Another large-scale project to test the grid-stabilising capabilities of battery-based energy storage systems will be launched at a solar farm in England, led by the National Grid, which is responsible for the UK’s electrical transmission network infrastructure.
The UK arm of the German PV power plant technology firm, Belectric, has officially announced its participation in the Enhanced Frequency Control Capability (EFCC) project, which aims to test the suitability of various new technologies to assist the control of system frequency. In other words, renewables and related low carbon technologies like energy storage and demand side response will be trialled for their ability to replace the role of thermal power generation like coal and gas to provide frequency response.
National Grid received approval and funding for EFCC through the national energy regulator, Ofgem. It is hoped that in addition to providing a viable alternative to fossil fuel spinning reserve, EFCC might also show that energy storage can help prevent the need for expensive infrastructure updates. For example, new infrastructure like substations could be built to move electricity from one part of the grid to another in order to provide balance. On the other hand, storing the electricity until it is needed in a battery could be an alternative to this costly process.
Belectric UK arm will provide energy management and storage technology to two battery storage projects for EFCC. One of these will be co-located at Willersey Solar Farm, a 3.8MWp project completed towards the end of last year by the company in the west of England using thin-film PV modules. Willersey, also known as Rainbows Solar Farm, is a part community-owned installation, for which Belectric sold bonds through a crowdfunding scheme and also houses a nature sanctuary.
Not many technical details of the two battery systems, which will be designed, constructed, connected and operated by Belectric, have been revealed as yet. The system at Willersey will be supplied directly by the PV system, while the other battery system will be placed on the grid, where it will draw its power from the network’s excess during low demand periods. The idea is to develop a comparison between the two methods for locating grid-balancing energy storage systems (ESS). The ESS projects will monitor the voltage from their respective connections and react to changes in frequency of AC signals. Belectric hopes that the fast response time – around 25 milliseconds – of the systems will compare favourably to the slower ramping up times of fossil fuels plants and therefore work more economically by using less energy overall.

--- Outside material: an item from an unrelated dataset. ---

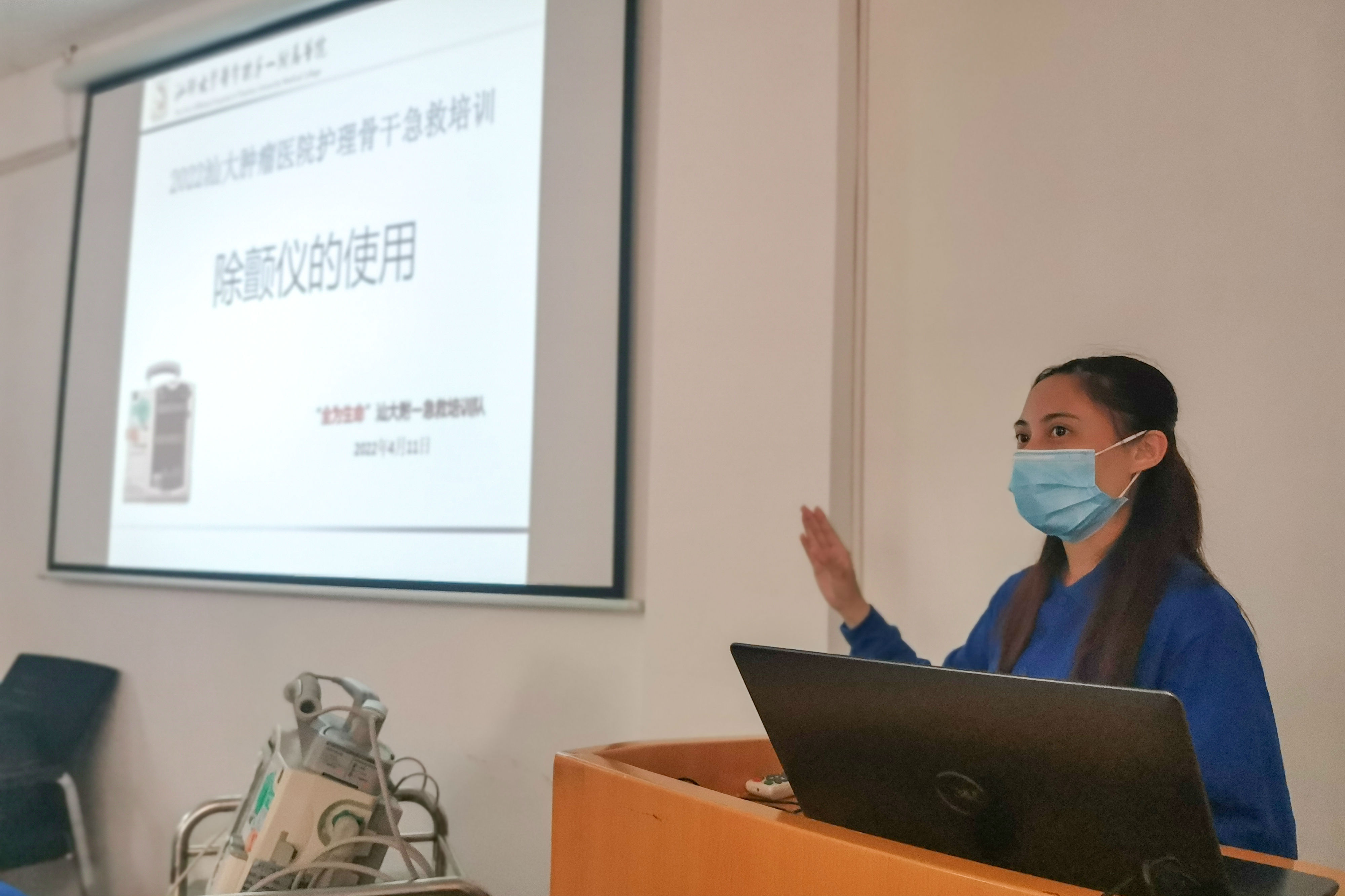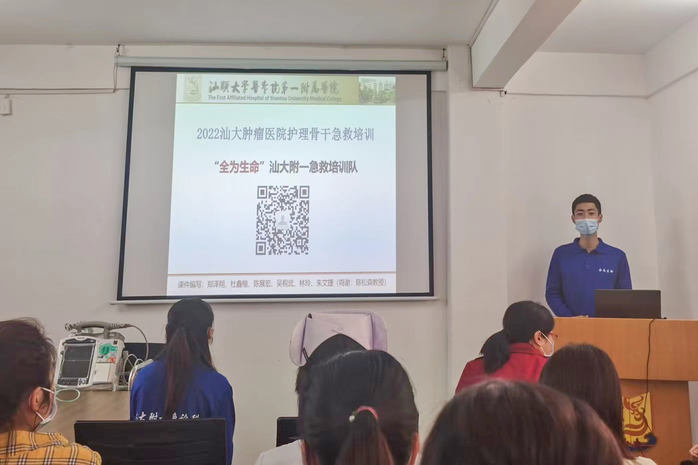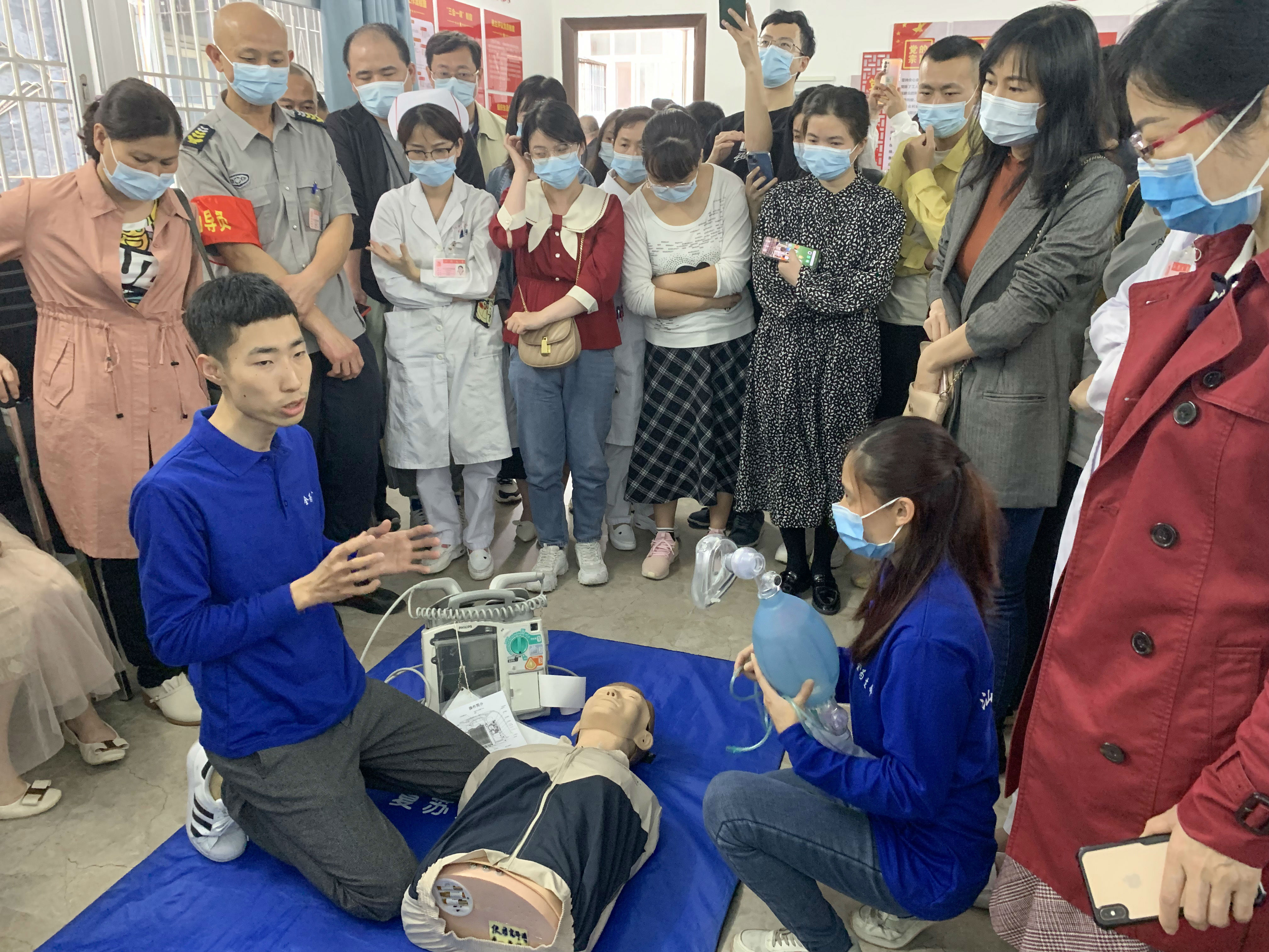 尊重生命,未雨绸缪,为规范临床护理人员急救技能操作,提升急危重症抢救能力,保障医疗质量与安全,4月11日, 护理部举办护理人员急救技能同质化专项培训班,培训班邀请了汕头大学医学院附属第一医院“全为生命”急救培训队的陈瑜和黄锐两位培训老师,对护理部急救技能培训小组成员、危重症专科护理小组成员进行培训,培训项目包括徒手心肺复苏(双人法)、简易呼吸气囊的使用及除颤仪的使用。培训班还吸引了部分职能科室人员踊跃参与。

The company recently completed a similar project in Germany at a solar farm in Brandenburg, where a 2,000KWh lead-acid energy storage system, ‘Energy Buffer Unit’, was installed at the site of an existing 67.8MW solar power station.
At the time of the installation of the project in Germany, Belectric UK’s Duncan Bott told PV Tech Storage's sister site PV Tech that energy storage could open up a new era for renewables.
“The various network operators around the world are starting to progress towards the recognition that historically, it was thought that renewable energy was disruptive to the network and now that’s starting to shift towards a recognition that actually, renewable energy can offer solutions to stabilising the national networks and we are progressing toward recognising how that is achievable,” Bott said.
The National Grid EFCC scheme, which received £6.9 million (US$10.9 million) in funding in November through Ofgem, will also see Alstom install a rapid-response voltage and frequency control system and Centrica install a similar project to Belectric using large-scale thermal power generation and wind farms. UK universities have also signed up as partners for the EFCC programme.